Kwaku Oduroh

Personal information
- Full name: Kwaku Nuamah Oduroh
- Date of birth: 16 October 2002 (age 22)
- Place of birth: Manchester, England
- Position(s): Defender

Youth career
- 2008–2022: Manchester City

Senior career*
- Years: Team / Apps / (Gls)
- 2022–2024: Derby County / 0 / (0)
- 2023–2024: → Rochdale (loan) / 20 / (1)
- 2024: → Hartlepool United (loan) / 2 / (0)
- Total:  / 22 / (1)

= Kwaku Oduroh =

English footballer (born 2002)

Kwaku Nuamah Oduroh (born 16 October 2002) is an English former professional footballer who played as a defender.

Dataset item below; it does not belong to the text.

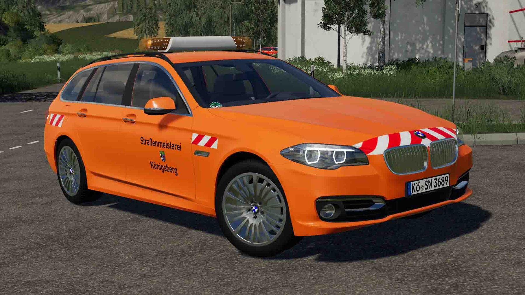 MOD BMW 5ER F11 TOURING V1.0 FOR FARMING SIMULATOR 2019 - Power: 140 kW / 190 HP; - Speed: 230 km / h; - Fuel tank volume: 70 l .; - Cost: 20,000 €; - Choice of the main color; - Skin selection; - Choice of strobe lights; - Beacon selection; - Support for the "Simple IC" script. - Animated devices, pedals; - Working lighting equipment; - Working mirrors; - Leaves wheel marks.

He has played for Manchester City, before joining Derby County in 2022, whilst at Derby Oduroh had loan spells at Rochdale and Hartlepool United.

==Career==
Oduroh began his career at Manchester City, leaving the club in the summer of 2022 (after 14 years) and undergoing a trial at Derby County. He signed a two-year contract with Derby in July 2022.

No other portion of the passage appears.